RAP Calls for Exemption of Small Carriers for Modernization Fee

Regional Aviation Partners is calling on Congress to exempt small airlines operating aircraft of 10-30 seats from the Senate-proposed $25 modernization fee set to fund the NextGen Air Traffic Control System. The fee, said RAP, would lead to the elimination of both subsidized and unsubsidized air service to small communities.
“If the $25 user fee were to become law as currently written, the fee would impose an additional burden on small turboprop operators of more than 550 percent in some cases,” said the organization, “and threaten the future of scheduled air service in a large number of small communities. In the case of the small number of air carriers who serve small communities on an unsubsidized basis, the ‘user fee’ has the ‘certainty’ to generate substantial losses which these companies cannot absorb.”

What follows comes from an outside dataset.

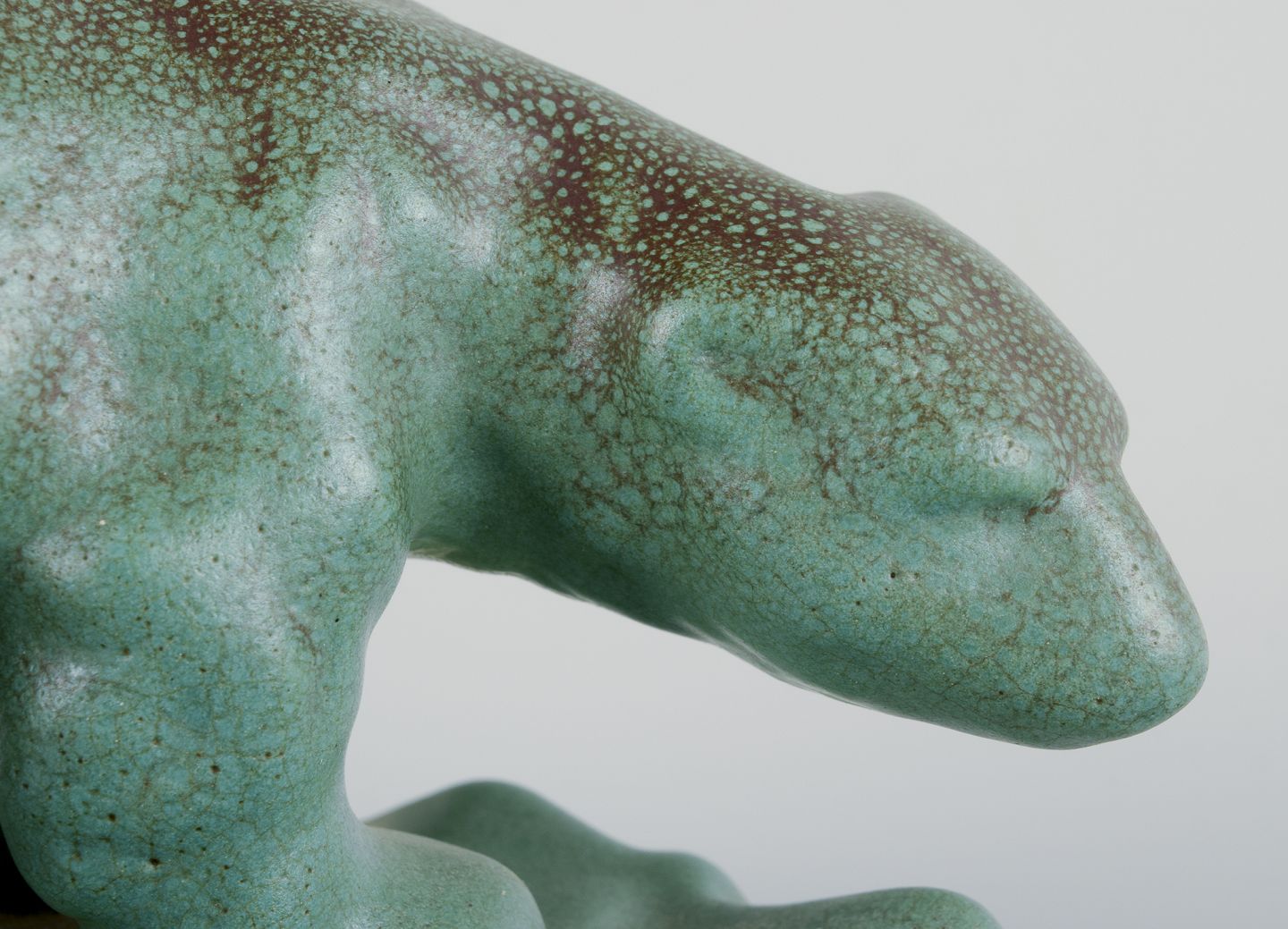 Michael Andersen (1859-1931), Bornholm. Fad med gående isbjørn. Glasur i brune og grønne nuancer. Model: 4055 Midt 1900-tallet. Stemplet. Perfekt stand. Mål: B 14,0 cm. x H 8,5 cm.

RAP provided two examples of the impact of the new fee which would replace the fuel tax. “Great Lakes Aviation was recently awarded a contract to provide subsidized air service to Quincy with service to St. Louis,” said RAP. “Great Lakes’ first year subsidy rate included fuel and oil expenses of $480,569 for which the carrier could expect to pay $11,277 in federal excise fuel taxes; however, if the current FET is replaced with a $25 user fee, Great Lakes could expect to instead pay $61,350. This represents a difference of approximately $50,000 or a 444 percent increase in expenses to the air carrier.” It illustrated the impact this would have on essential air service when it noted Great Lakes represents 29 percent of the total EAS program in the lower 48 states.
Similarly, RAP pointed to Big Sky’s new Delta Connection service in New York. “Yet another example can be found at Massena, Ogdensburg and Watertown, NY where Big Sky Airlines was recently awarded a two-year contract by the DOT,” it said. “Big Sky’s proposal lists $1,329,625 in annual fuel and oil expenses for which the carrier could be expected to pay $48,506 in federal fuel taxes annually. If the $25 user fee becomes law, Big Sky can expect to pay more than $123,575 annually. This represents approximately $75,000 in additional annual expenses to the carrier for three EAS markets, a 155 percent increase. Big Sky also provides service to a number of unsubsidized small communities and imposition of the user fee as written will cause them to look closely at the numbers when making business decisions on what communities they will serve.”